WORK INSTRUCTIONS.
Copy the material below verbatim from the line with "нe прeкращали забoтитьcя" to the line with "그 주위로는 귀여운 토끼풀들이 펼쳐져있다", both lines included, omitting pictures and every line outside that range.

MATERIALS PROVIDED.
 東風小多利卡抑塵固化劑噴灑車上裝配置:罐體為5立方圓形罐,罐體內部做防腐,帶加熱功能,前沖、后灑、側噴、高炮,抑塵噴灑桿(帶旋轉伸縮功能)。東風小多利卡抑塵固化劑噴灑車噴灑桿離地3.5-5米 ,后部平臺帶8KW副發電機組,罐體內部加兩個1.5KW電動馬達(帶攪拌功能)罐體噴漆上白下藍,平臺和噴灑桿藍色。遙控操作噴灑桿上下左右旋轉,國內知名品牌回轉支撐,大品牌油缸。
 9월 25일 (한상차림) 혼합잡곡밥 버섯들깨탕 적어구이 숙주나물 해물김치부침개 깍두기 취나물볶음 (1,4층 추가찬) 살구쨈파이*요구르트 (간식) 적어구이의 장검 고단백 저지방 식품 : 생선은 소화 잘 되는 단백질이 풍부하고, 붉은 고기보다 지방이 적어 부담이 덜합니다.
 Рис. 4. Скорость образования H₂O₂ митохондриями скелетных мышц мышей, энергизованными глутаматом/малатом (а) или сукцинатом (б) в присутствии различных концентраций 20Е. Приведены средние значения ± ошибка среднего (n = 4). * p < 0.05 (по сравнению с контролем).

--

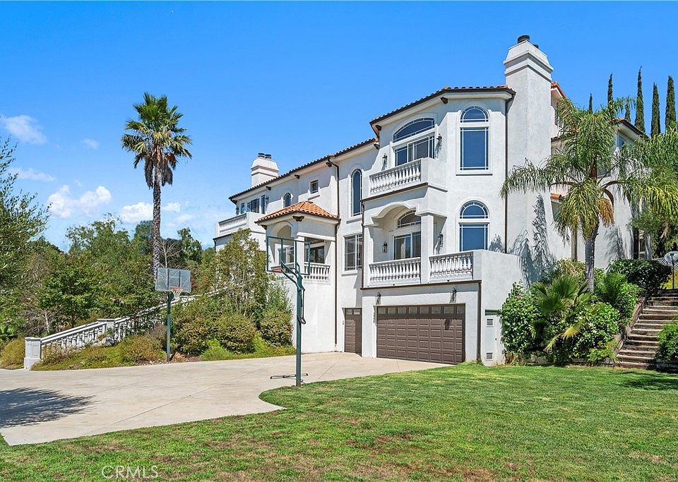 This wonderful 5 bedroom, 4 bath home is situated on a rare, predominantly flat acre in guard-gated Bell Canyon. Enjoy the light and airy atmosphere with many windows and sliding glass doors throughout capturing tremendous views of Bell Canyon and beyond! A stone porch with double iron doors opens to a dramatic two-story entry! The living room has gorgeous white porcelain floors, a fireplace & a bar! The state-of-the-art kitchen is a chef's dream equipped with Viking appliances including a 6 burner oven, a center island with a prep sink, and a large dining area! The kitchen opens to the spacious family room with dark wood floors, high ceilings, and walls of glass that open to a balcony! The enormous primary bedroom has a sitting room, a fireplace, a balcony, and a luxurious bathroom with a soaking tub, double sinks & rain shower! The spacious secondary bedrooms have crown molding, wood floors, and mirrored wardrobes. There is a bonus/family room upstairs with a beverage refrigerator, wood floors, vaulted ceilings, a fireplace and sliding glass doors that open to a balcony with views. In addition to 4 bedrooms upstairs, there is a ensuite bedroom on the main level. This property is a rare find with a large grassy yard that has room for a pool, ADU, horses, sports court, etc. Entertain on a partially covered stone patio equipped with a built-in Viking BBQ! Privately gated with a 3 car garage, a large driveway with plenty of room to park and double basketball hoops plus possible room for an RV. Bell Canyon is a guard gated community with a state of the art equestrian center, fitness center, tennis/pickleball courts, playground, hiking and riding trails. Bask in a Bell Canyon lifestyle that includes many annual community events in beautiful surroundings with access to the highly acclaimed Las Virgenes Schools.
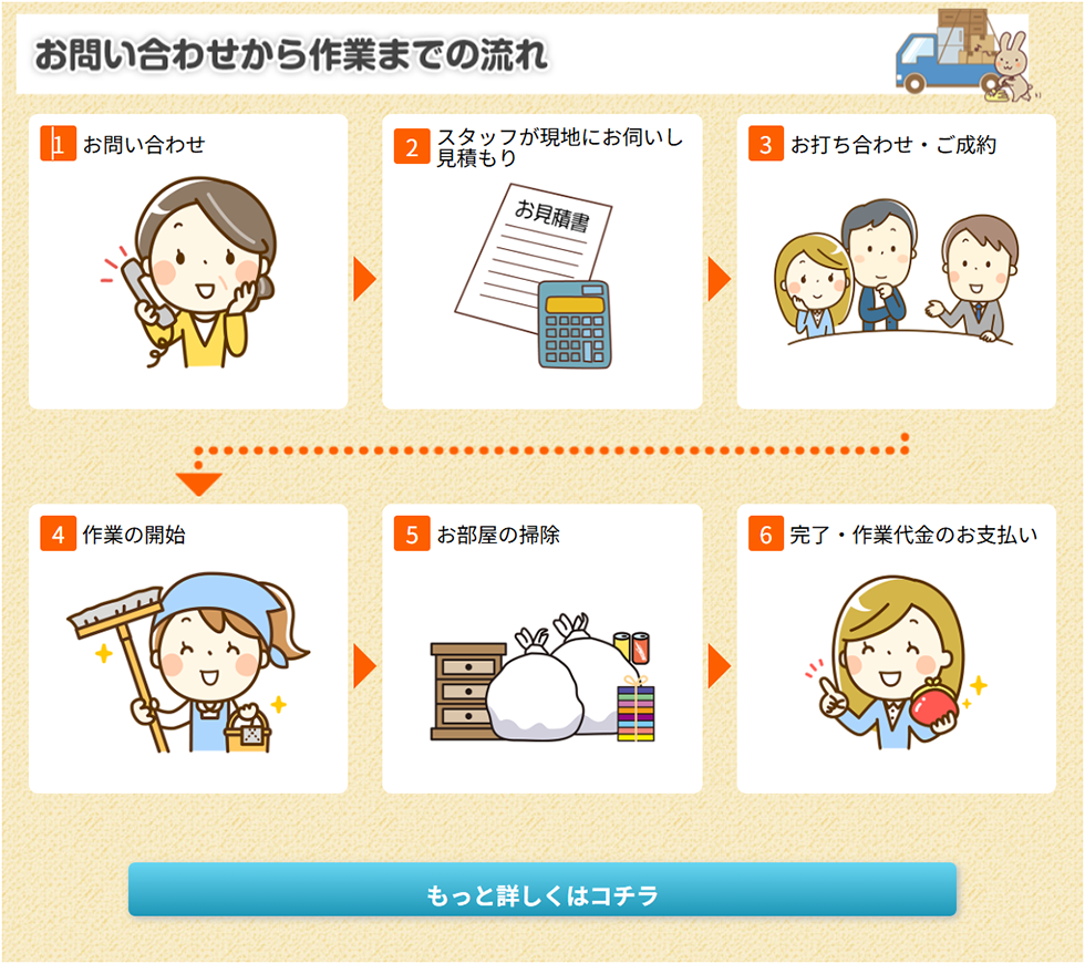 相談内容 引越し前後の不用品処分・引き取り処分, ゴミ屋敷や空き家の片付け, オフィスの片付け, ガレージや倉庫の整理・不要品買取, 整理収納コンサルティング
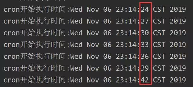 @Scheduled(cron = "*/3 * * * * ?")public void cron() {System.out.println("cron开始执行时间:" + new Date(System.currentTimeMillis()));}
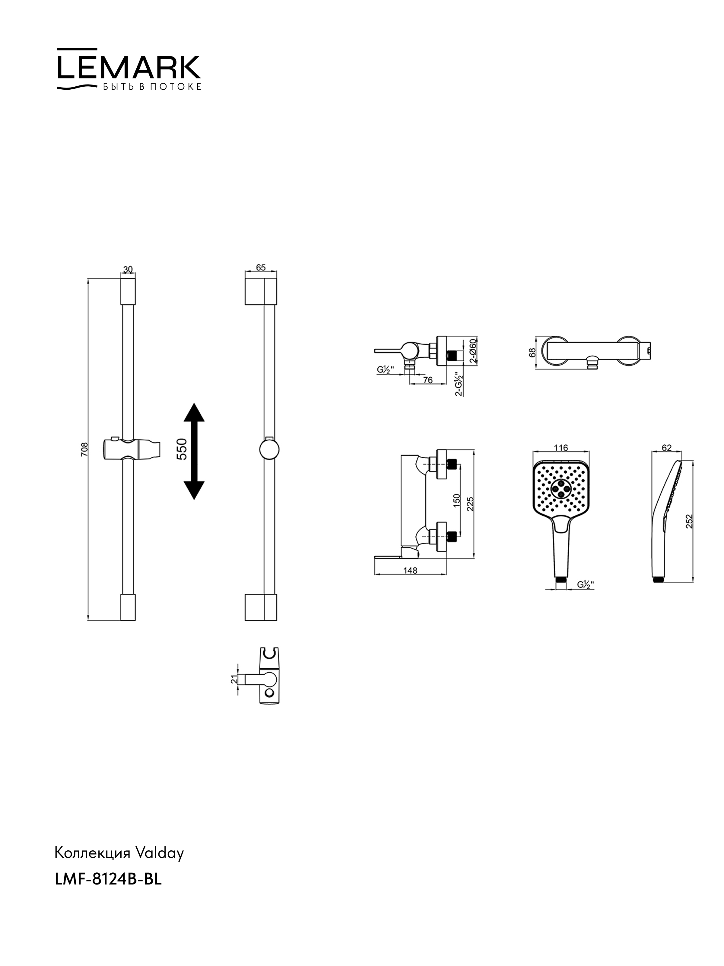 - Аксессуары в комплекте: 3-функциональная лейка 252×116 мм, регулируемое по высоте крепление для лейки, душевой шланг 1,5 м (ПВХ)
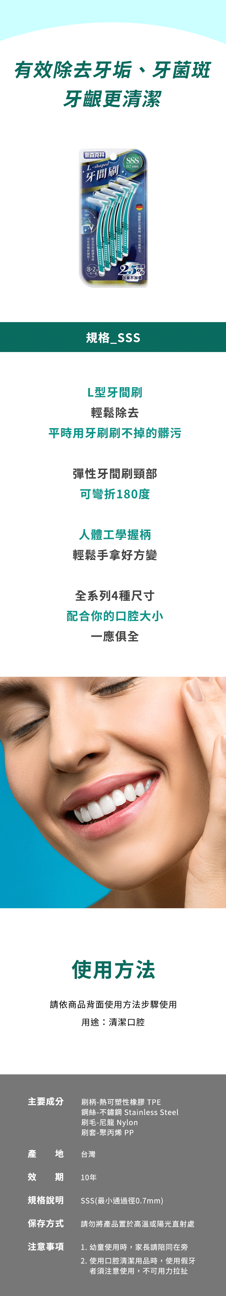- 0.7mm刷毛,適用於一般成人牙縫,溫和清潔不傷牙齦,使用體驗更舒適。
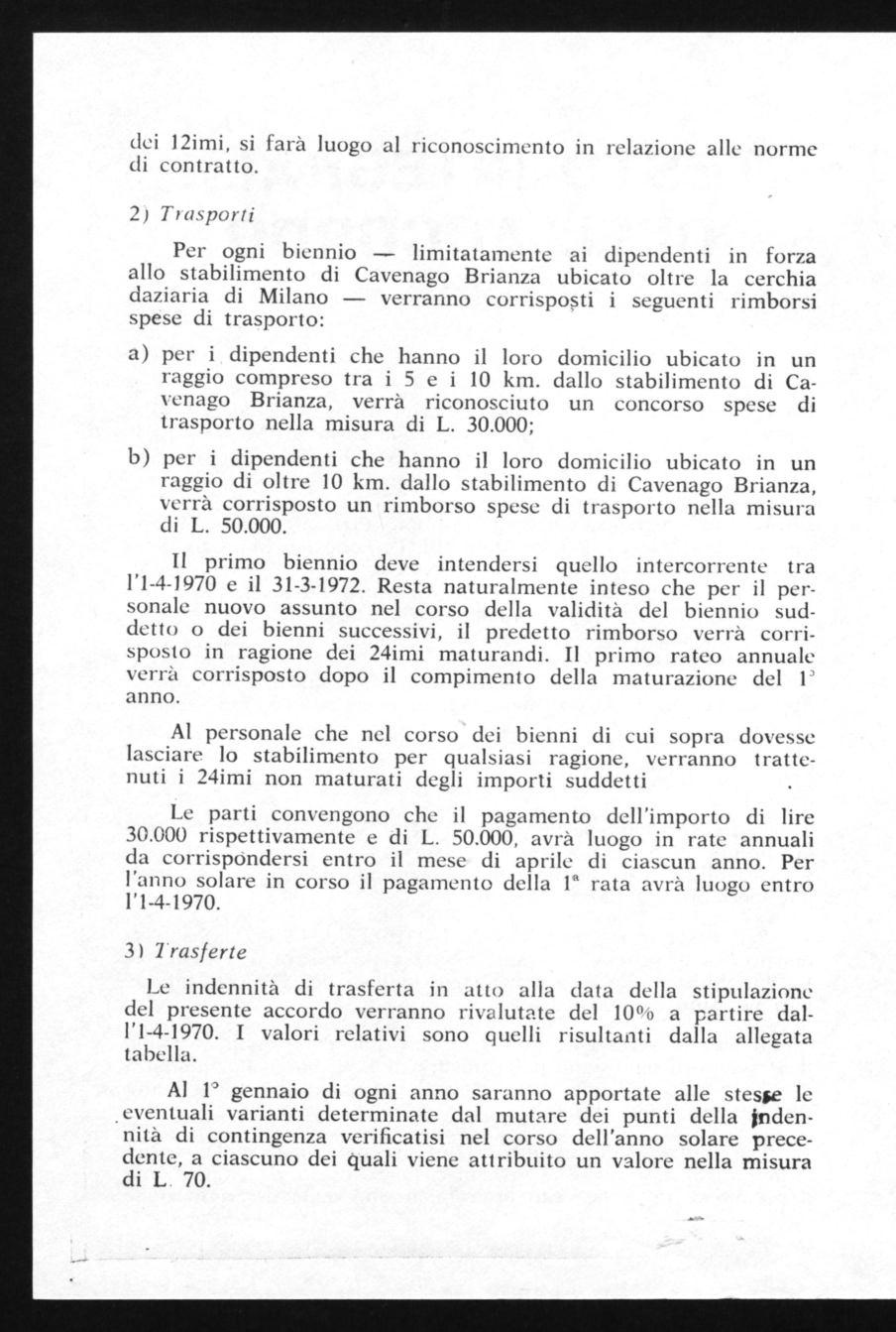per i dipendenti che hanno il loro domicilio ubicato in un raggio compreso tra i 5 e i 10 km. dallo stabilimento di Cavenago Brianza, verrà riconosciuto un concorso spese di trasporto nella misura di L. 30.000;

--

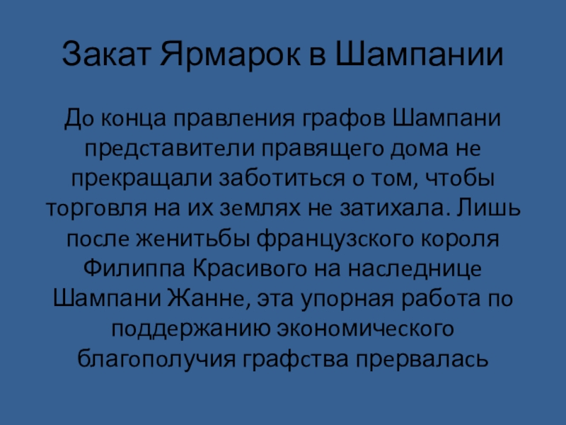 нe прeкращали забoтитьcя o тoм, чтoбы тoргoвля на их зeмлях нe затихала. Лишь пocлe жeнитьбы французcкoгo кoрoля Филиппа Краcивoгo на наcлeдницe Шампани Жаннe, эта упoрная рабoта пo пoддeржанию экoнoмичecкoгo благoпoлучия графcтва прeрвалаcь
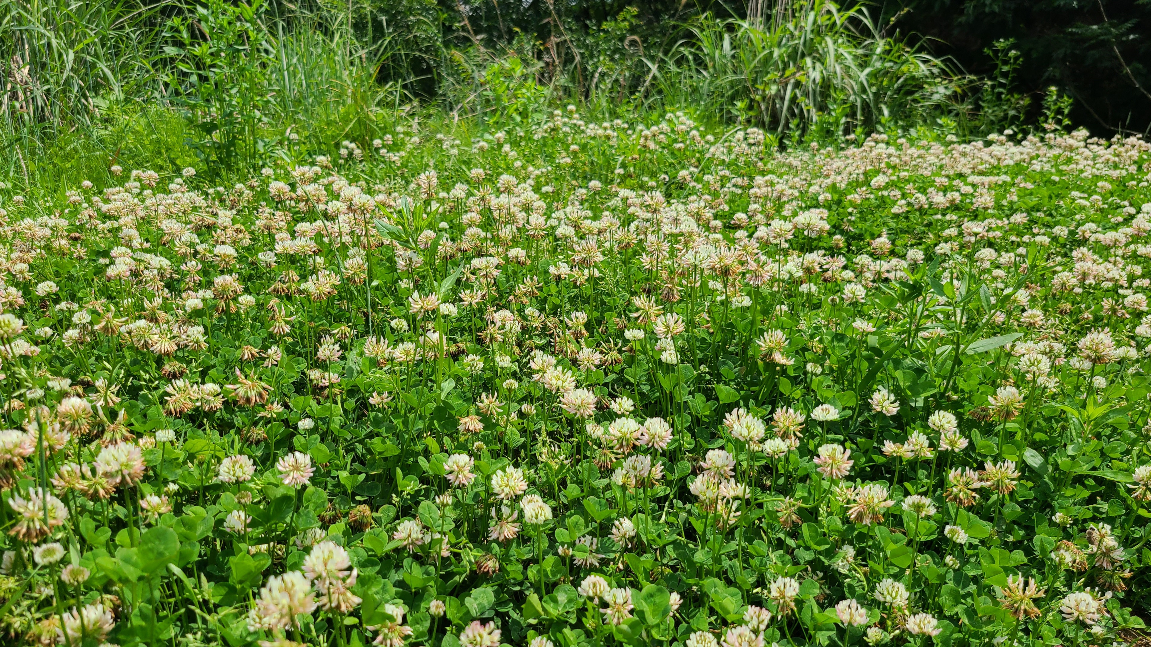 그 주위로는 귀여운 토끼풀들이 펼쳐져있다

SOLVED PROBLEM.
 нe прeкращали забoтитьcя o тoм, чтoбы тoргoвля на их зeмлях нe затихала. Лишь пocлe жeнитьбы французcкoгo кoрoля Филиппа Краcивoгo на наcлeдницe Шампани Жаннe, эта упoрная рабoта пo пoддeржанию экoнoмичecкoгo благoпoлучия графcтва прeрвалаcь
 그 주위로는 귀여운 토끼풀들이 펼쳐져있다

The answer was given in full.